By December 27, 2018May 12th, 2021No Comments

Not everything is terrible in 2018: Makerbot released a new printer and oddly no one complained; Elon Musk is having a great year, press and Joe Rogan notwithstanding, by launching a record number of rockets and shipping a record number of cars, and he built a subway that we’re not calling a subway. FPGA development is getting easier with new platforms and new boards. There is a vast untapped resource in 18650 cells just sitting on sidewalks in the form of scooters, and I’m going to keep mentioning this until someone actually builds a power wall out of scooters.

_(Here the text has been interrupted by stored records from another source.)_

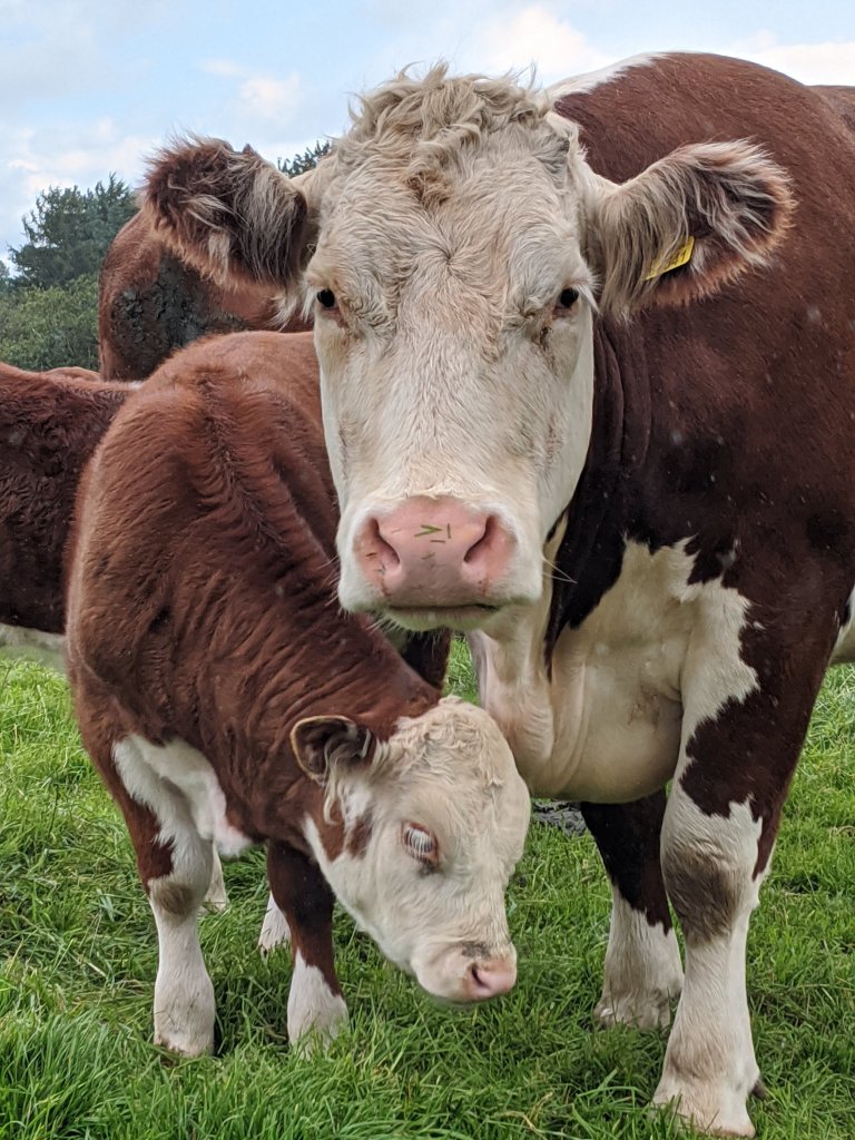 On our last morning, we were woken up by the farmeroving his herd across to another field. Some of the cows were rather unimpressed with being moved and loudly made their disapprobation felt. I went up to the top of our field and watched them. One clearly believes it’s a donkey judging from the noises it was making!
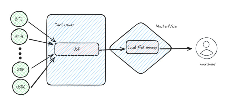 哪怕不用稳定币抢夺链上交易媒介的地位,链下所有的支付都绕不开持牌支付机构的胁迫。像 Master 和 Visa 拥有全世界最广泛的支付接口,迫使数字加密储值卡的发行商必须按照它的规矩来:用美元来结算。只要发卡机构能做到标准的 KYC,AML,把世界各类加密资产合规地转化为美元,使用美国的金融机构就能够替持币者完成全球支付。Binance 的支付、Dupay 的支付,都是采用这样的形态去完成的。这个流程里,数字加密资产仅仅作为金融资产,或者储值手段而存在,在支付环节中无足轻重。
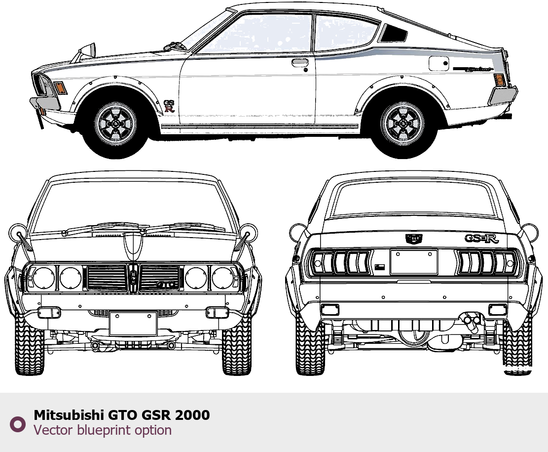Raster blueprint of the 2000 Mitsubishi GTO GSR Coupe. This free downloadable image can be used for graphic projects, digital design, and 3D modeling. The file provides accurate exterior proportions of the vehicle. Model year: 2000. Body type: Coupe.
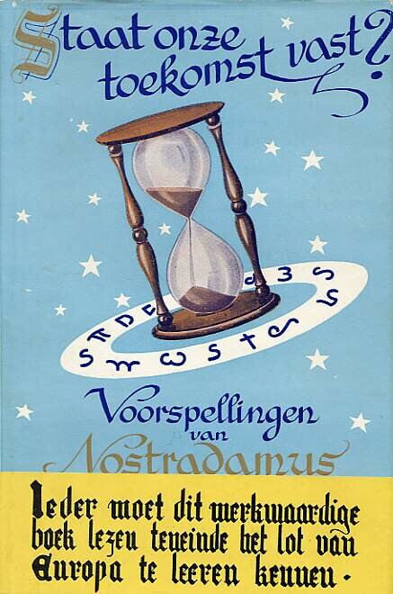 Een boekje getiteld "Staat onze toekomst vast? Voorspellingen van Nostradamus uit het jaar 1558 over het verloop van den huidige oorlog". Op een gele banderolle staat vermeld: "Ieder moet dit merkwaardige boek lezen teneinde het lot van Europa te leeren kennen". Het boekje heeft een lichtblauwe omslag met een afbeelding van een zandloper. Het telt 99 bladzijden.
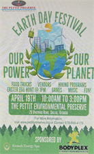 The event concludes at 3 PM. We would love to have you join us in our Celebration of our BEAUTIFUL Planet! Please come and join us in this family fun Event!! If you haven't been to the Preserve, visit our Website www.pettitpreserve.org to see the Preserve, keep informed of all the activities that we have going on as well as becoming a Member and making donations. We look forward to seeing you on the 19th!
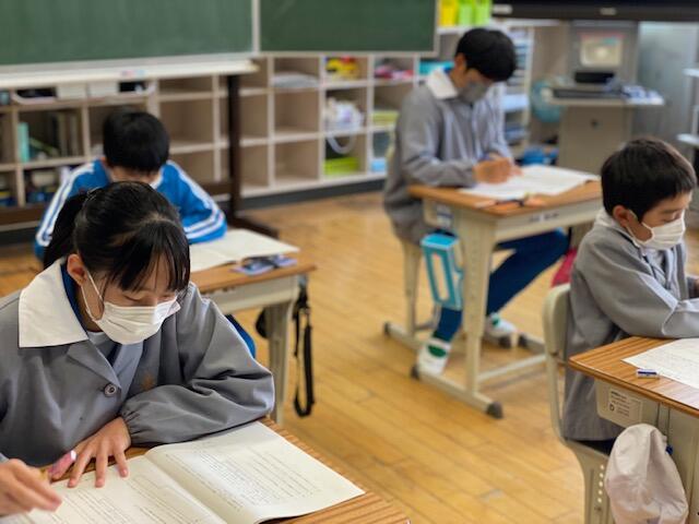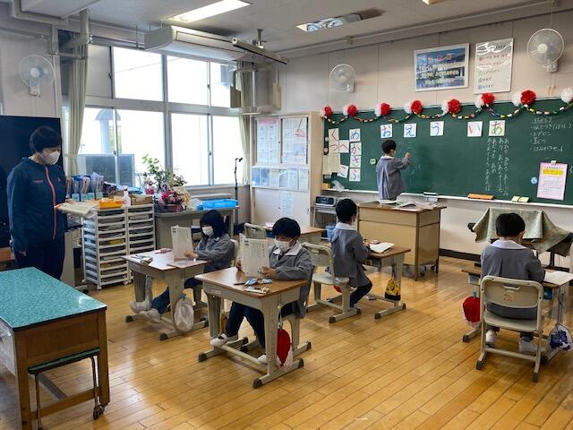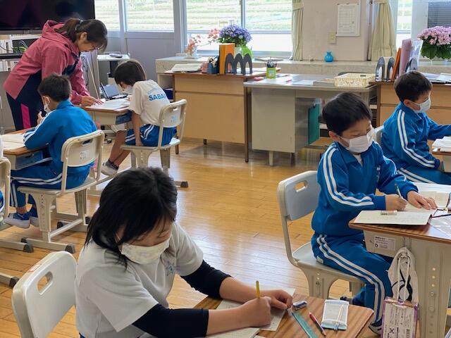 さて、本校は児童数が少ないことから、1年生と2年生、3年生と4年生、5年生と6年生が同じ教室で学習しています。同じ教科の時間でも内容が異なるときは、一人の先生が時間をずらし学年をわたって指導しています。
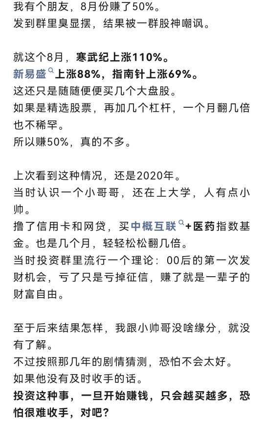 比如,很多人一看到科技股大涨,就担心踏空,忍不住跟风乱买。这其实是眼界不够宽的表现。黄金涨了那么多,你怎么不担心错过?商品期货每年都有一两波大行情,你怎么不着急?美股连续上涨这么多年,你怎么不怕踏空?正是因为眼里只有A股,才会把每一次行情看得过分珍贵,生怕错过一次就要再等好多年。
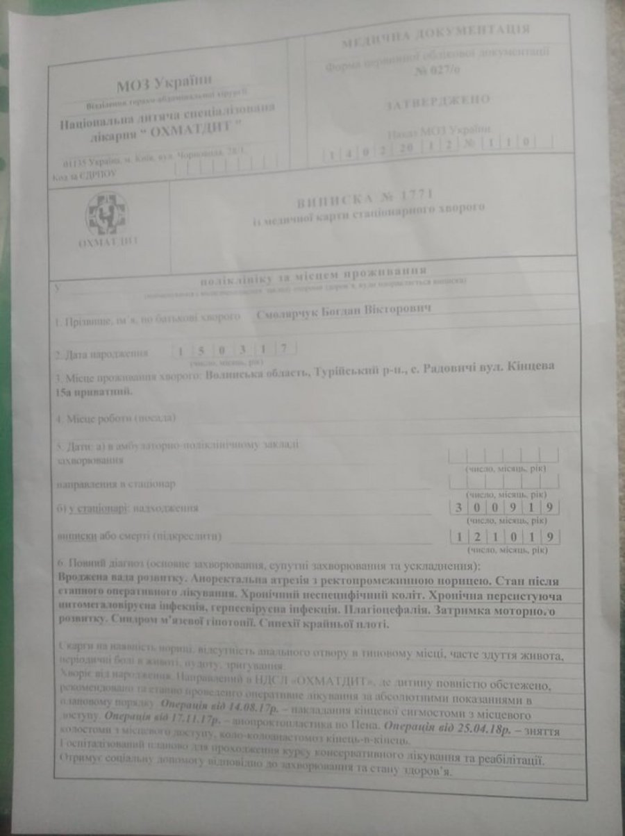Біда спіткала малюка від самого народження. Лікарі поставили невтішний діагноз: вроджена вада розвитку. Аноректальна атрезія з ректопромежинною норицею. Хронічний неспецифічний коліт. Сім'я Смолярчуків уклінно просить всіх, хто має змогу, допомогти їхньому синові поборотися за здорове життя.
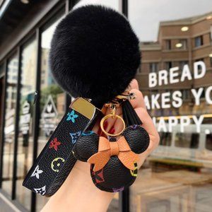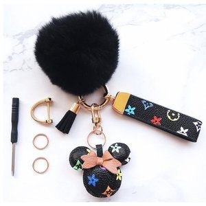 Minnie Keychain Leather Luxury, with Pom Pom Color Black
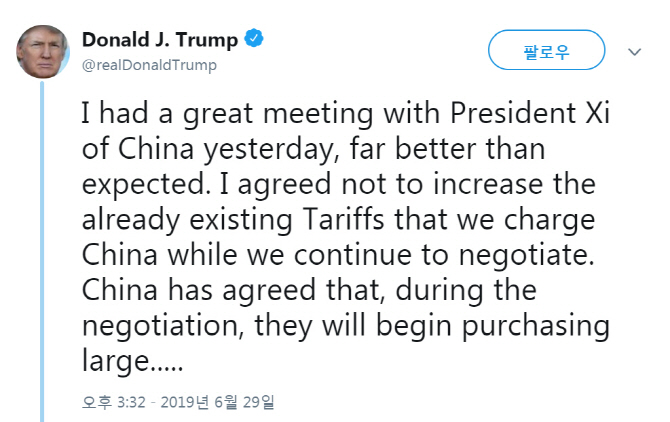 이와 관련, 트럼프 대통령은 “전날 시진핑 중국 국가주석과 예상보다 좋은 만남을 가졌다”면서 “무역협상을 하는 동안에는 기존에 부과된 관세 외엔 추가로 인상하지 않기로 했다. 중국도 동의했다. 그들은 막대한 양의 우리의 위대한 농부들이 생산한 농산물을 사들일 것이다. 우리 IT기업들과 시 주석의 요청에 따라, 우리 국가안보를 위협하지 않는 전제 하에 중국 기업이 그들(미국 IT기업)로부터 제품을 구매할 수 있도록 합의했다”고 강조했다.
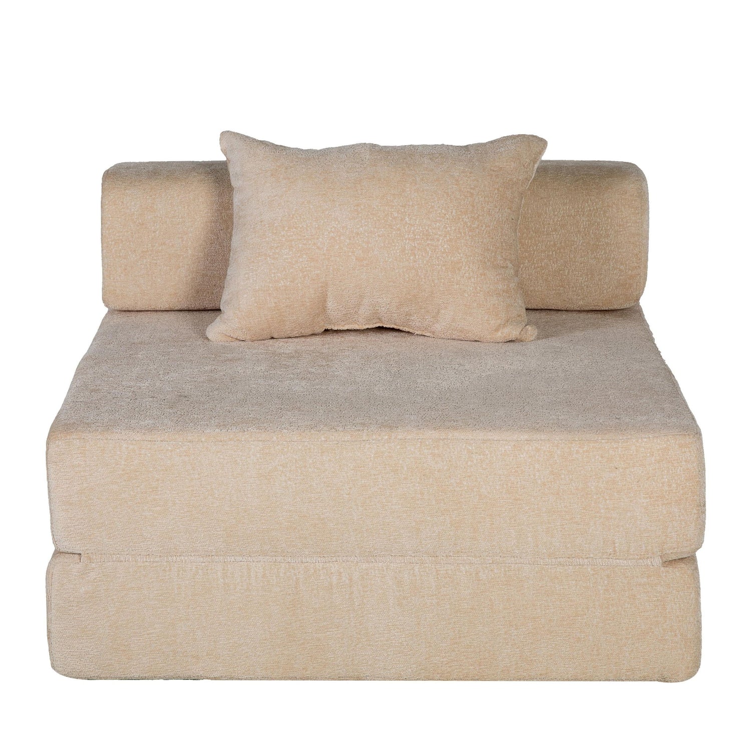 Convertible Floor Sofa Bed With Fixed Shape Frame For Living Room - Beige

RISC-V has been on the tip of our tongue for a few years now, and already we have really fast microcontrollers based on this architecture (that are also really expensive, but that’s beside the point). 2019 is shaping up to be one of the biggest years yet for RISC-V, and with that popularity comes decreasing prices. SiFive is releasing a multicore processor that runs Linux. There are smaller, lower-power RISC-V cores and completely random online shops on TaoBao are selling RISC-V cores.
The RISC-V proposition has always been a weird one. Yes, it’s a big-O Open architecture for everything from microcontrollers to Systems on a Chip. But it’s just a design. You need fab houses cranking out silicon wafers with RISC-V chips on them. That’s expensive at first, but then the price starts to drop. It looks like 2019 is shaping up to be the year that everyone can get their hands on a RISC-V chip.